Dosage, Safety and Side Effects

Oil on a Spoon

MCT oil appears to be safe for most people.

It is not clear what dose is needed to obtain potential health benefits, but many supplement labels suggest 1–3 tablespoons daily.

There are currently no reported adverse interactions with medications or other serious side effects.

However, some minor side effects have been reported and include nausea, vomiting, diarrhea and an upset stomach.

These can be avoided by starting with small doses, such as 1 teaspoon, and increasing intake slowly. Once tolerated, MCT oil can be taken by the tablespoon.

Type 1 Diabetes and MCTs

Some sources discourage people with type 1 diabetes from taking medium-chain triglycerides due to the accompanying production of ketones.
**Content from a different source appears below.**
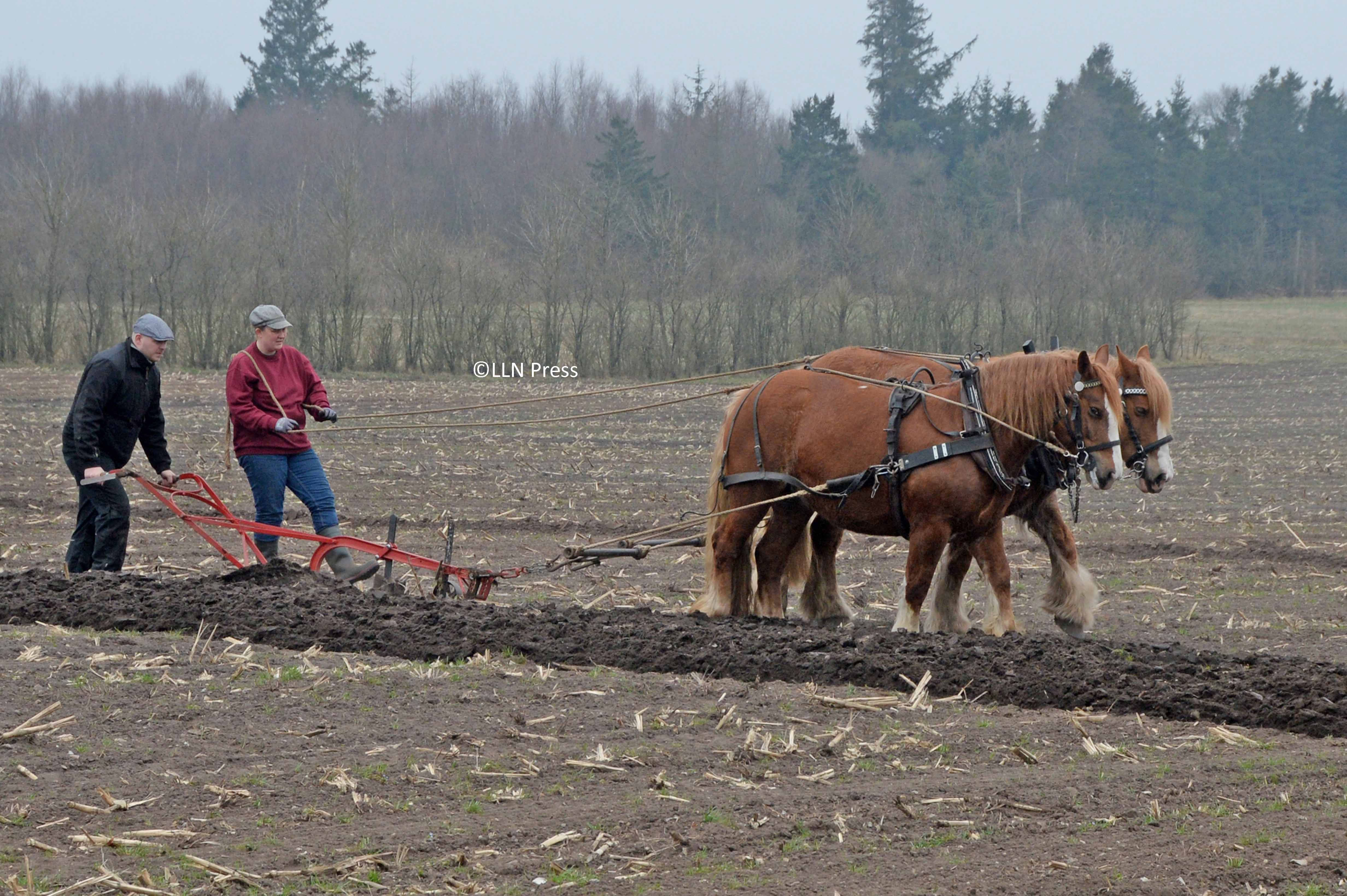 Martin Thomsen styrer ploven med ledsagelse af Gitte Kragelund, Hjerting, der ejer den ene af hestene. Den anden tilhører Sabrina Bøgh, Gesten. (Foto: LLN Press) Gitte Kragelund, Hjerting, Sabrina Bøgh, Gesten, og Keld Nielsen, Kragelund, var nogle af aktørerne her fra området, da nogle marker på...

It is thought that high levels of ketones in the blood may increase the risk of ketoacidosis, a very serious condition that can occur in type 1 diabetics.

However, the nutritional ketosis caused by a low-carb diet is completely different than diabetic ketoacidosis, a very serious condition caused by a lack of insulin.

In people with well-controlled diabetes and healthy blood sugar levels, the amount of ketones remain within a safe range even during ketosis.

There are limited studies available that explore the use of MCTs in type 1 diabetes. However, some have been conducted with no harmful effects (38).

Bottom Line: MCT oil is safe for most people, but there are no clear dosage guidelines. Start with small doses and gradually increase your intake.

Take Home Message

Medium-chain triglycerides have many potential health benefits including weight loss, lower cholesterol levels, improved insulin resistance, and improved endurance exercise.

For these reasons, adding MCT oil to your diet is highly recommended.